How to load XRAID disk sets

  • Ensure no one has left open files on the disks: Run lsof in the directories where the data is located.
  • You may also want to see whether anyone is using the machine. Use the “w” command.
  • Disable NFS on the computer to which the destination xraid is attached (may not be necessary, but always check). The safest way to do this, especially on cuppa02 (as it also exports /home and /nfs/apps) is to edit the nfs exports table /etc/exports and comment out the xraid entries (by adding a '#' at the start of the line), then reload the nfs server (hopefully this will not cause any interruption to its operation)
>sudo /etc/init.d/nfs-kernel-server reload
  • We don't typically use NFS to export disk data, but we can by simply editing /etc/exports.
  • If one of your partitions IS NFS mounted at the time, this may just produce errors. In this case you may have to manually figure out which node(s) the partition is mounted on. I don't know if there's an easy way to do this. You'll need to visit each node, check if the partition is mounted (eg ls /nfs/xraid0?/?_?), and if so, unmount it (sudo umount /nfs/xraid0?/?_?).
  • Stop the disks and unmount the file systems.
> sudo umount /exports/xraid0X/*
  • If any of the xraid file systems cannot be unmounted, you will have to figure out which process is hanging on before proceeding.
  • Power down the xraid (this could be done in software from the comfort of your office through “XRAID Admin Tools”, which aren't yet installed).
  • Remove disks and replace in appropriate cases in the correct order!
  • Insert new disks, #1 on the left, #7 on the right. Check contacts on disks (and in XRAID if possible) before inserting into XRAID chassis. Disks slide in and then require a final push, you should hear them lock (thump!) into place, at which stage with the handle depressed they will be flush with the chassis.
  • Power on the XRAID. This should be done in the cluster room so you can watch for alarms/red lights. The power button is on the BACK of the chassis. Hold it in for a couple of seconds.
  • If all disks come up green, you can go back to your office! Otherwise, open XRAID Admin Tools and identify the source of the problem. If a disk has failed, it might be worth trying to power-cycle and re-insert. Sometimes the disk itself is fine, but not properly seated in the chassis. If a spare disk is required, you should be able to insert it in place of the failed one (even while the chassis is running) and the array will automatically rebuild using the new disk. If using an OLD disk or trying to re-insert an improperly seated disk, you may have to explicitly make it available to the array, because it will already contain RAID information. See Rebuilding XRAIDs.
  • Once the XRAID is running, you can reload the SCSI devices and mount their file systems. There should be no reason to reboot the host node.
> sudo /nfs/apps/vlbi/refresh_xraid
  • The program will print out a list of detected APPLE devices and any error messages if the refresh was not successful.
  • Create the mount points for the xraid (if the SCSI device has changed we'll need new mount points accordingly)
> sudo /nfs/apps/vlbi/udevrules.pl
  • Mount the new file systems using
> sudo mount /exports/xraid/?_?

where ?_? is l_1, l_2, l_3, r_1, r_2, r_3 as required (left and right referring to disk banks in a chassis).
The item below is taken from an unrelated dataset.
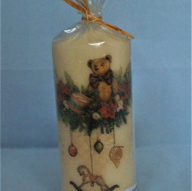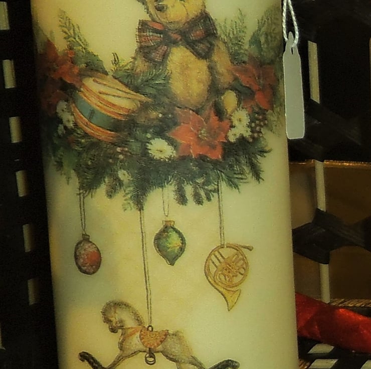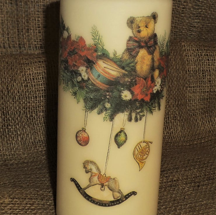 This tall, unscented cream candle is decorated with a very sweet image of a teddy and drum sitting atop a garland of festive greenery, and with baubles and decorations hanging from the garland, including a rocking horse.
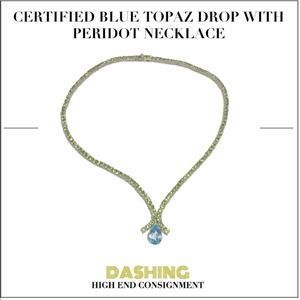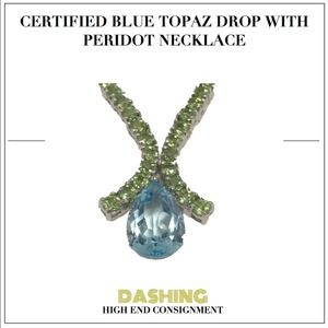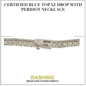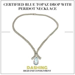 New Never Worn. Has Certified Gem-Logic Laboratory Mini Report Card: Identification #GAL20070885. Appraisal Date: 8/17/2006. Description: Blue Topaz Drop with Peridot Necklace. Rhodium Plated Sterling Silver Mounting (25.0 Grams). Necklace Contains Round Peridot Weighting 23.50 Carats Twt, Measuring 3.0 MM(Yellowish Green, LI). Shape & Cut: Pear Shape. Weight: 5.35 Cts. Measurement: 9x14mm. Color: Light Blue(Fine). Clarity: Lightly Included. Estimated Appraised Value: $1,320.00.Made in Italy.

  • We believe that this will mount the first left device in l_1 and so forth. However you should check this by ensuring that the data you expect to be on the device is in fact there before you try doing anything with it! ABSOLUTELY NO WARRANTY and all that.
  • If you are concerned, try mounting /dev/sd?1 to the exports directory you want it to be, and make sure the left/right set of lights come on when you run the command. I believe devices always come up in the same order within a disk set, but disk sets are not always recognised in the same order (left-right, right-left, alternating) in a chassis.
  • Now restart NFS if desired, by editing /etc/exports and removing the # character from the start of each xraid line, then run
> sudo /etc/init.d/nfs-kernel-server reload

and on each node where you need to use these data, mount the device over NFS (also see below, though it may be out of date)

> mount /nfs/xraid0?/?_?

(Note that sudo access is not required for this).

NFS mounting

Note This is not recommended now. The correlator will start datastream processes on the correct local host node provided this is specified in the corresponding line of the machines file (this was apparently not always the case in the past).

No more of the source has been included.